The opinion of the court was delivered by: Miner, District Judge.
Plaintiff filed suit in this Court on August 3, 1954, to
recover for personal injuries arising out of the explosion of an
airplane oxygen regulator in Texas. At the time and place of the
occurrence, plaintiff was employed by an airplane builder, and
was engaged in testing the oxygen regulator as part of his
duties. The complaint alleges that his injuries were caused by
the negligence of the defendant, manufacturer of the regulator.
On October 26, 1954, defendant filed a motion asking that the
action be transferred to the United States District Court for the
Northern District of Texas, Dallas Division. After hearing on
affidavits, counter-affidavits and briefs, the motion was denied
by District Judge Julius J. Hoffman of this Court on October 31,
1955. The case was subsequently tried before District Judge
Hoffman and a mistrial declared for failure of the jury to agree
on a verdict. Several days later, in another proceeding, Judge
Hoffman adversely commented upon his ruling on the motion to
transfer, clearly indicating a reversal of his prior opinion.
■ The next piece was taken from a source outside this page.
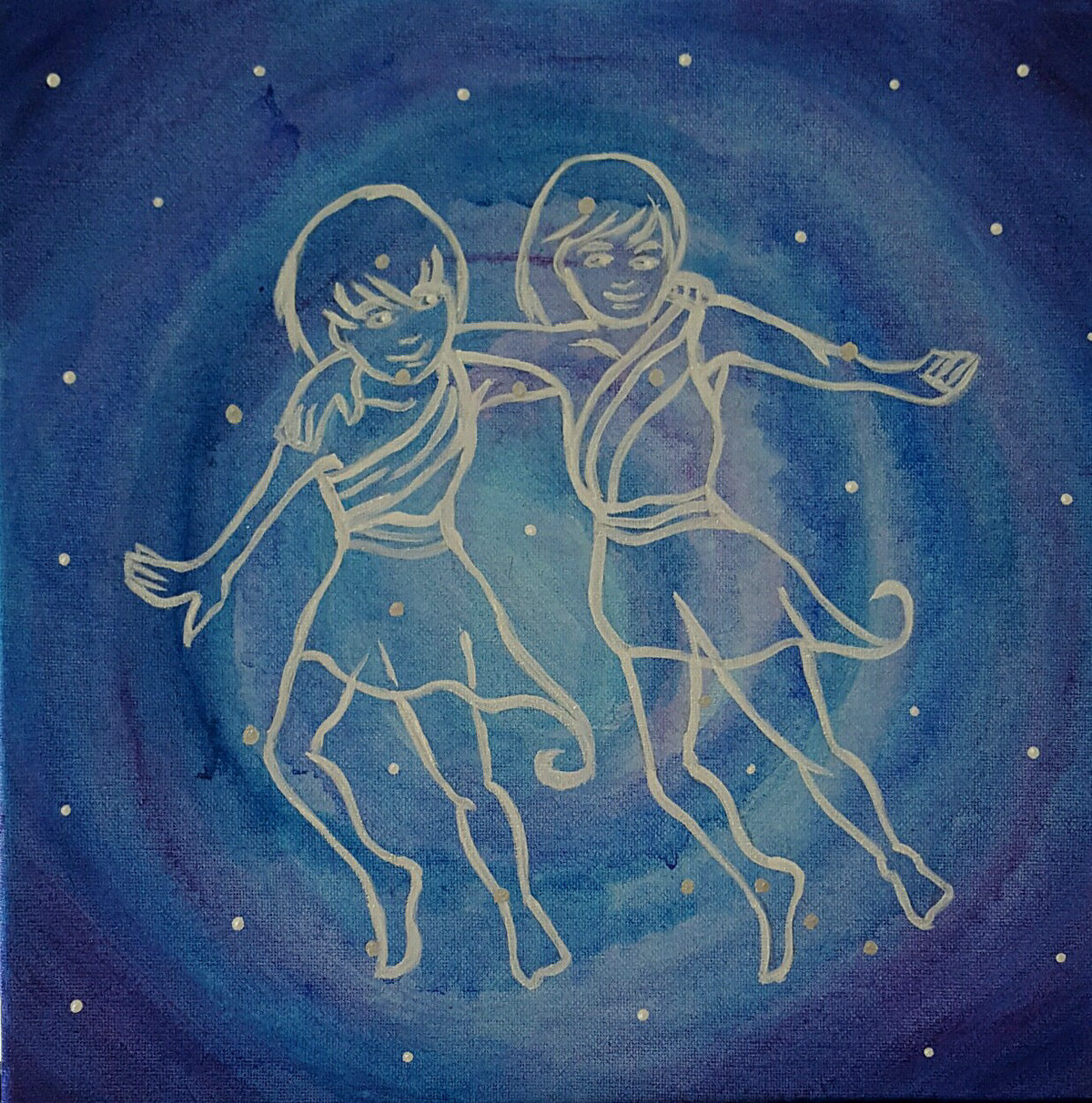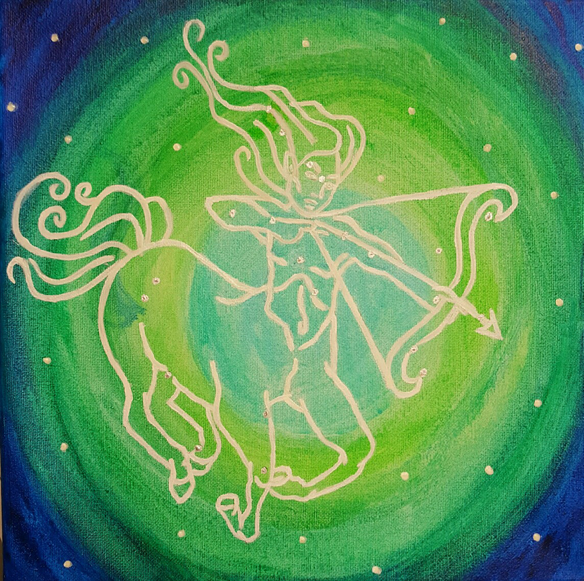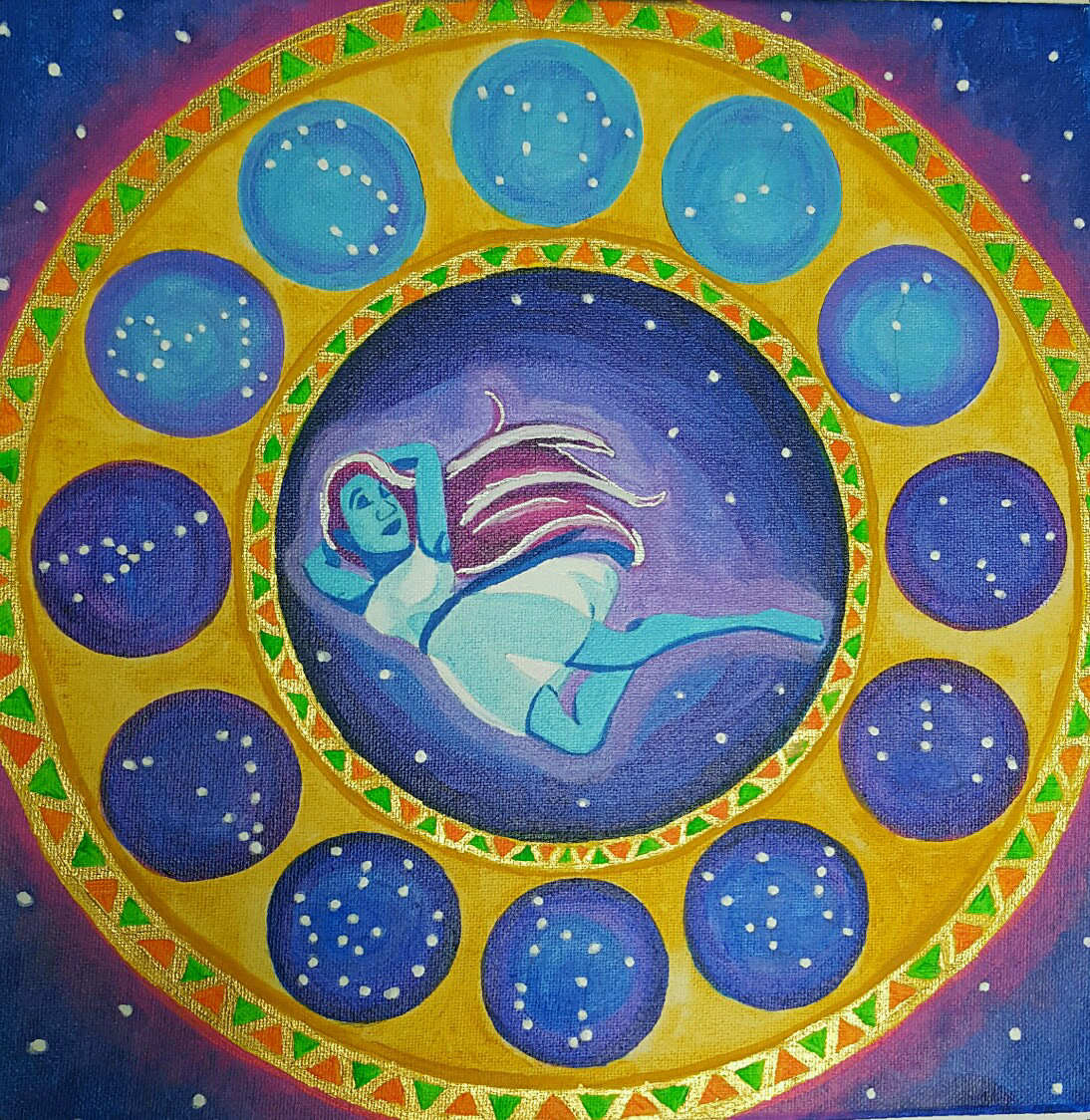 These are several Zodiac paintings I created after being inspired through each of their stories. I wanted to bring to life each of their personalities in the background and by which colour I selected for their constellation, Gold or Silver.

On March 5, 1958, the defendant filed another motion to
transfer to the United
States District Court for the Northern District of Texas, Dallas
Division. The affidavit of defendant's attorney, submitted in
support of the renewed motion, states the following facts
concerning the convenience of the parties and witnesses:
(1) That plaintiff alleges in his complaint that
his injuries were sustained in Dallas, Texas;
(2) That plaintiff now resides, and did at the time
of the occurrence reside, in Dallas, Texas;
(3) That the trial of the case held from January
13, 1958, to February 4, 1958, before District Judge
Hoffman, resulted in disagreement of the jury;
(4) That seven witnesses testified for the
plaintiff, five having been brought to Chicago from
Dallas; that the remaining two were, respectively, a
Chicago doctor who examined the plaintiff after
commencement of the trial only for the purpose of
testifying, and a Glenview naval officer who
described the workings of an oxygen regulator;
(5) That four witnesses testified for the
defendant, three having been brought to Chicago from
Dallas and one, defendant's mechanical engineer, from
(6) That the testimony of several witnesses had to
be, and was, offered by deposition, since they live
(7) That the testimony of prospective witnesses
(not identified) was not presented because their
presence at the trial could not be obtained since
they live in Dallas;
(8) That certain documents, reports and exhibits
(not identified), which are available and subject to
subpoena in the Dallas court, were not available in
this district and could not be presented at the
(9) That since the trial, in treating with a
similar motion in another case, District Judge
Hoffman has stated on record that the trial of this
case convinced him that he had been mistaken in
denying the prior motion to transfer. Counsel has
attached to his affidavit a copy of the transcript
which quotes Judge Hoffman;
(10) That the substantive law applicable to the
motion is the law of Texas.
Plaintiff objects to the motion and has countered with
affidavits of his counsel affirming facts set forth in his
written "Objections" and "Reply to Suggestions of Defendant." The
facts so affirmed, which plaintiff deems material, may be
summarized as follows:
(1) That on December 3, 1953, prior to the filing
of the instant suit, plaintiff filed an identical
suit to recover damages in the United States District
Court for the Northern District, Southern Division,
of California, in response to which defendant filed a
motion to dismiss, based upon the one-year California
statute of limitations. Plaintiff thereupon
voluntarily dismissed the cause.
(2) That defendant's principal witness at the trial
before Judge Hoffman aforesaid was the engineer from
Davenport, Iowa, which is approximately 165 miles
from Chicago, and 635 miles from Dallas.
(3) That in the event of a transfer, plaintiff
would have to engage a Texas attorney "who would be
without the benefit of the technical knowledge
necessary to present the case, and who would likewise
be without firsthand knowledge of what had occurred
at the first trial. He would be compelled to seek
expert testimony in a new section of the country. * *
(4) That affiant has spent one week in becoming
conversant with the oxygen regulator in question, and
the problem involved in the case.
(5) That certain matters (not specified) occurred
during the trial which can be forestalled at another
trial if handled by the same counsel.
(6) That plaintiff has spent several hundreds of
dollars in trying the case in this jurisdiction.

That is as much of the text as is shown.